Aromobates leopardalis
- Conservation status: Critically endangered, possibly extinct (IUCN 3.1)

Scientific classification
- Kingdom: Animalia
- Phylum: Chordata
- Class: Amphibia
- Order: Anura
- Family: Aromobatidae
- Genus: Aromobates
- Species: A. leopardalis
- Binomial name: Aromobates leopardalis (Rivero, 1978)
- Synonyms: Colostethus leopardalis

= Aromobates leopardalis =

- Authority: (Rivero, 1978)
- Conservation status: PE
- Synonyms: Colostethus leopardalis

Species of frog

Aromobates leopardalis (common name: leopard rocket frog, Mucubají skunk frog) is a species of frog in the family Aromobatidae. It is endemic to the Mérida of western Venezuela, with one population within the Sierra Nevada National Park.

==Habitat==
Its natural habitats are páramo grassland and sub-páramo shrubland environments and cloud forest. It is usually found within grasses and frailejones (Espeletia spp.), usually along and within streams. Scientists saw the frog between 2400 and 3300 m above sea level.

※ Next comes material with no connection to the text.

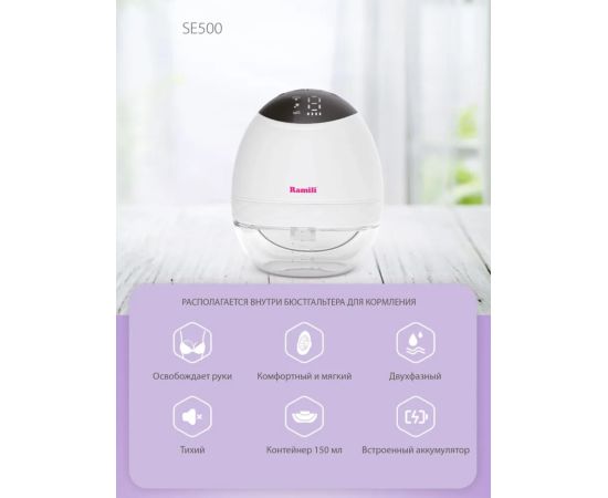 Комфортно использовать на работе или в гостях, на прогулке и где угодно, если это уместно. Ramili SE500X2 лёгкий и компактный, легко разбирается и собирается, легко моется. Теперь не следует беспокоиться о том, что сцеживать молоко вне дома будет неудобно. Вы даже можете положить его в свою дамскую сумочку и использовать везде, не особенно ограничивая себя в движениях.

Scientists have seen the frog in Parque Nacional Sierra Nevada.

==Odor==
Both adults and tadpoles can create smells that are unpleasant to the human nose.

==Threats==
This species has not been seen in at least a decade. Scientists infer that chytridiomycosis may have caused a precipitous decline in this species population because it did so with another frog species that shares its habitat, Atelopus mucubajiensis. They also cite water pollution and introduced trout species as threats.